But here comes BYU. Now, I don't have a problem with rules. Different programs institute different rules, I get that. You're not going to have the same curfew at Loyola Marymount as you will at Miami. And lord knows that academic violations at Yale are a bit more frowned upon than at Cincinnati. That's fine. And this isn't even one of those posts that points and laughs at BYU because they don't let their athletes drink coffee. Again, when you look at the inmates-running-the-asylum mentality of a LOT of NCAA programs throughout the country (does UNLV even have classes? Do they have buildings? Or does every single student just git buckets?), I think quite a few of them would do well to institute some more rules. Royce White stole a fucking laptop from a dorm, then stole shit from Mall of America. A laptop? Dude, they're like 300 bucks. And I'm pretty sure computer labs are open 24 hours a day during finals week, you know, if you need to finish up that research paper....

No, the reason BYU is bullshit is because they refuse to play games on Sunday. In all sports. Even intramurals.

Now, if you are, say, Friends University, fine. Go ahead and say that you will not play on Sunday. And then everyone will laugh at you and we'll go about our business. But how the fuck is this fair to an NCAA tournament field? They refuse to play on Sunday... so the NCAA bends over backwards to accommodate them. I looked at the history - they've been to the NCAA tournament 14 times in the last 24 years. Guess how many opening round games they played on Friday? Not a goddamn one. Every single year they were scheduled for Thursday.

Ok, so what's the point? Well, let's look at some recent history:

2010 - 7 seed West
2009 - 8 seed West
2008 - 8 seed West
2007 - 8 seed South
2004 - 12 seed West
2003 - 12 seed South

Now, every single one of those opening round games was on a Thursday (big surprise). And, there is no formula to when seeds play. For example, before the tournament begins, we have no idea if the 1 seed is going to play on Thursday or Friday (that is all determined during selection sunday). So, one year, the 7 seed plays on Thursday... the next year it plays on Friday.

And all this means is that the NCAA selection committee is absolutely on their knees to BYU.

The one consistency throughout the years is that despite the seeds switching what day they play, they always play in "pods". Meaning, the 1-16 always falls on the same day as the 8-9. They do this, presumably, so that they can lock in those matchups (the teams would instantly know who they were going to play next... and could even be in the same building to watch them on their game day). So if the 1 seed plays on Thursday, you're damn sure the 8-9 will be on Thursday too.
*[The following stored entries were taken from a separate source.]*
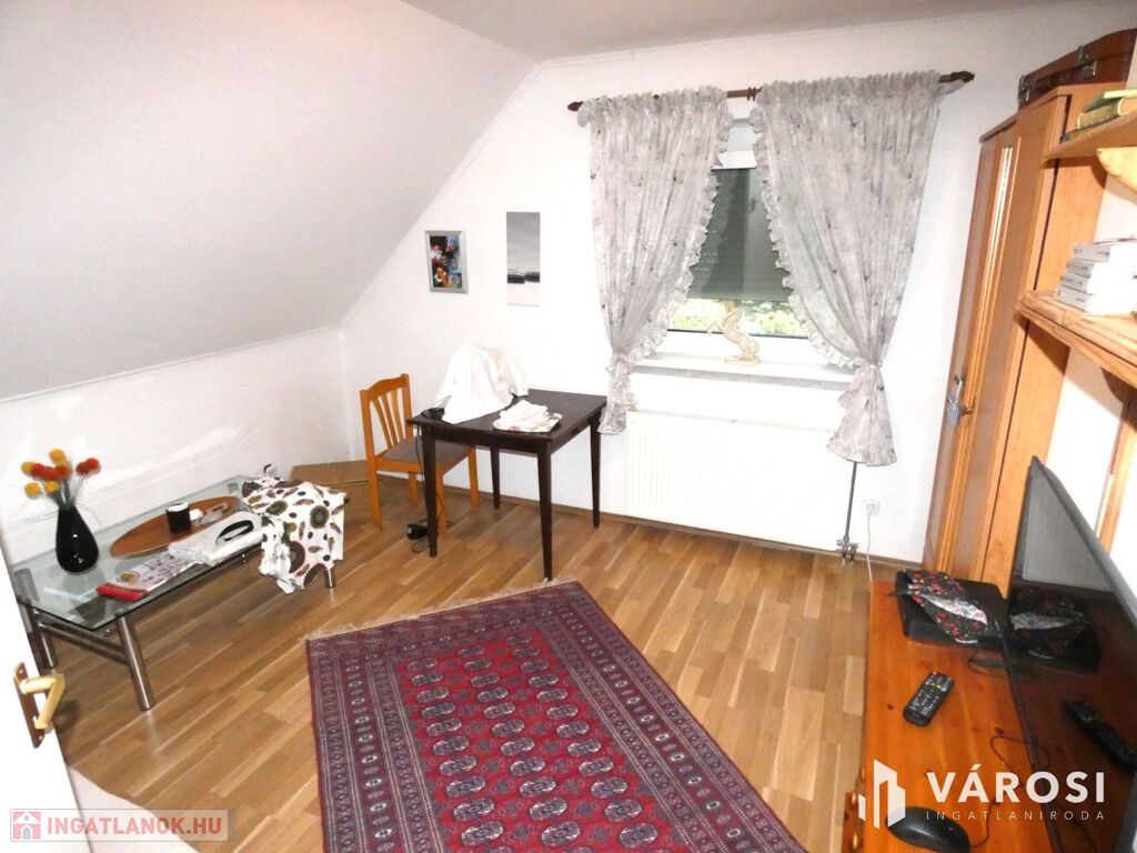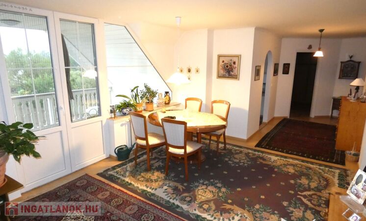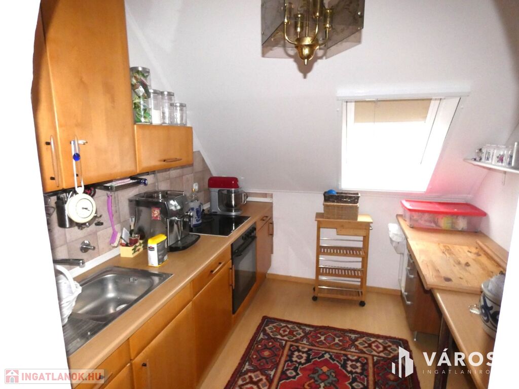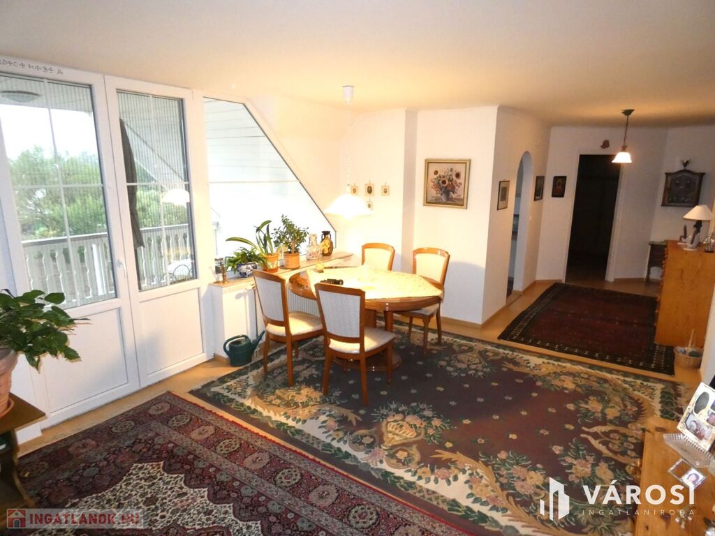 • Tetőtér: Tágas nappali, négy szoba, fürdőszoba, konyha, 12 m²-es erkély gyönyörű kilátással a Szent György-hegyre.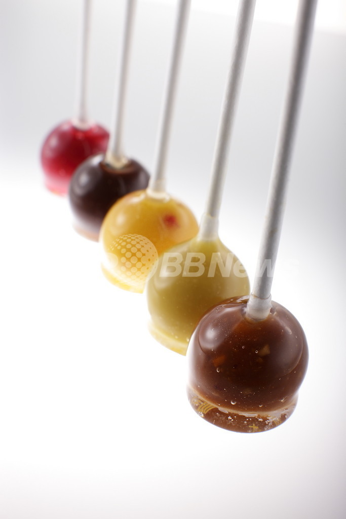 キャラメルに仲間入りするのは、見た目も名前もかわいい「キャラメル・ロリポップ」だ。アンリ・ルルーのスペシャリテである柔らかいキャラメルを飴でコーティング。C.B.S.、ショコラ、フランボアーズ、アナナス・ベ・ローズ、シトロン・ヴェールの5種類で、それぞれの色をした丸い棒付きキャラメルとなっている。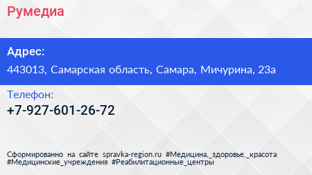 Румедиа по адресу 443013, Самарская область, Самара, Мичурина, 23а в дальнейшем Организация, размещена в следующих категориях:

Now think about BYU in this scenario.... first of all we have to put aside the bullshit regional aspects of this. Because why does BYU consistently play in the South and West bracket, even when they draw 8 and 12 seeds? Because fuck the committee, that's why. But that happens everywhere, so we'll move on. Ok, the ONLY team in the country that has scheduling sensitivity is BYU... I searched and I could find no example of another school being morally opposed to playing on Sunday. So no matter where the NCAA seats them, they have to play on Thursday. And then, of course, they have to seat them the NEXT Thursday too, if they happen to get out of the first round. And, of course, they pull 3 other teams with them the first round, and 3 more then next round... pretty much the ripples touch the entire tournament. I imagine the NCAA selection committee on Sunday - "Ok guys, let's start - like we always do - with BYU... where are we seeding them and we've got to make sure they don't play on Sunday because - HEY IS THAT A HAM-STEAK BUFFET?!?!?!"
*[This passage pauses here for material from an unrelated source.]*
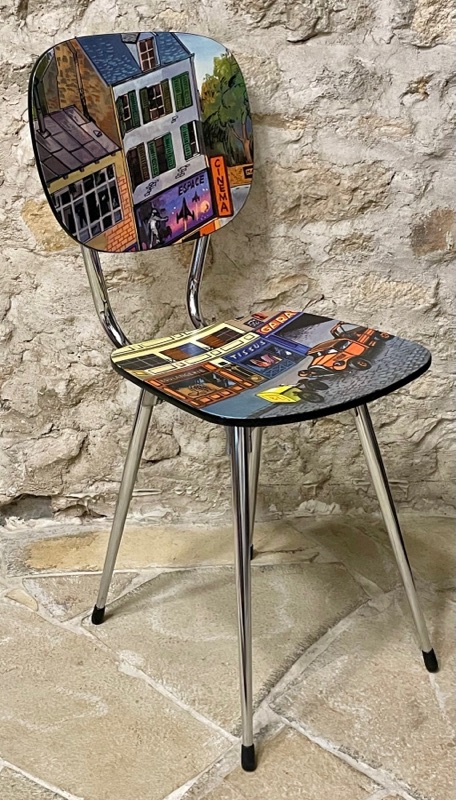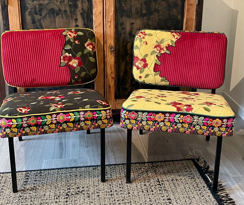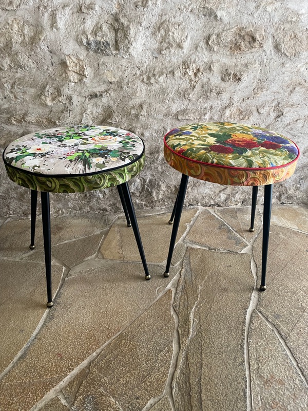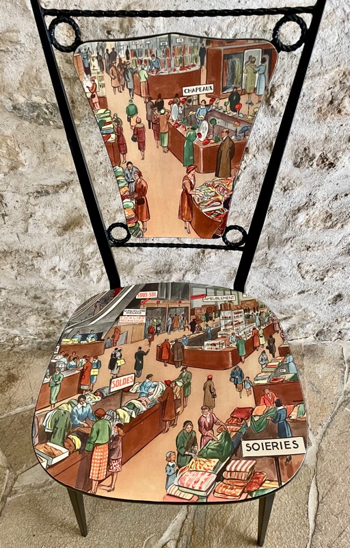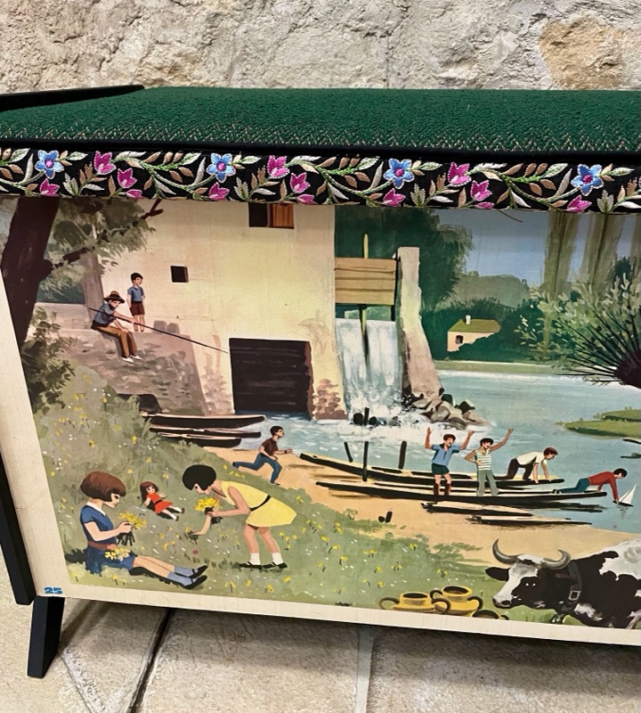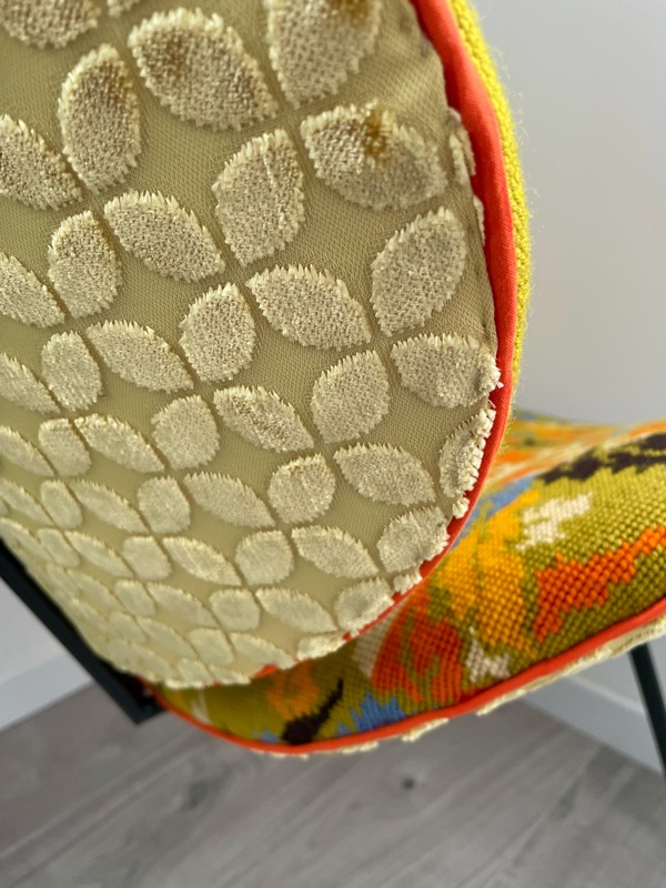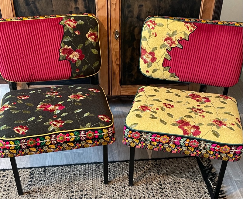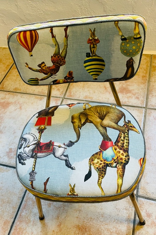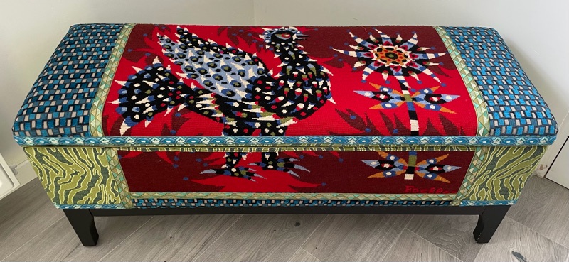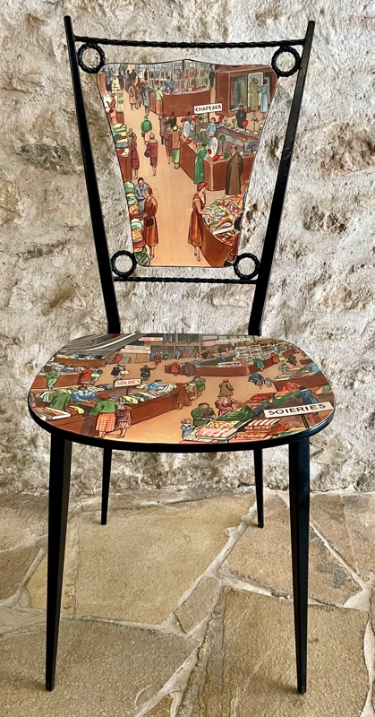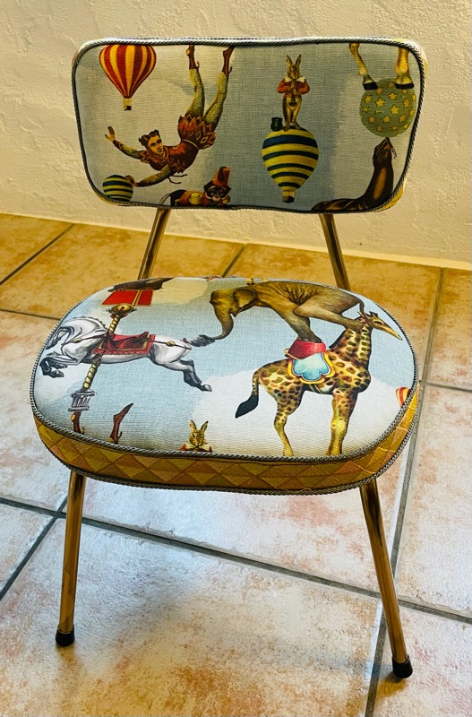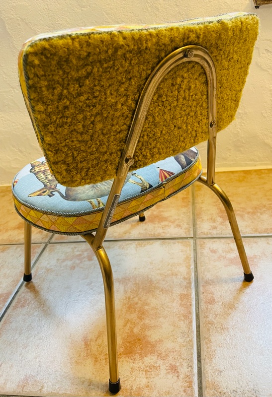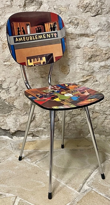 Je chine et je crée ! Tissus , canevas, galons anciens , fauteuils et meubles sont mes sources d'inspiration.

In reality, of course, this has little bearing. Teams don't care when they play, and there is no demonstrable advantage to playing Thursday v. Friday (and based on BYU's history in the tournament, Thursday ain't treating them too hot). But it's just an example of horseshit. One team - ONE TEAM - will not play on a certain day, and they have to adjust the entire schedule according to them. And come on, you can't tell me ratings don't then play into the seeding. Let's do a hypothetical: UCLA is the one seed in the West, and BYU is around a 8 or 7 seed. If they go 8, then they have to play on Thursday, which means UCLA does too. Let's see, how do we maximize ratings? When do more people watch... Thursday or Friday? GREASE THE POCKETS, CHARLIE.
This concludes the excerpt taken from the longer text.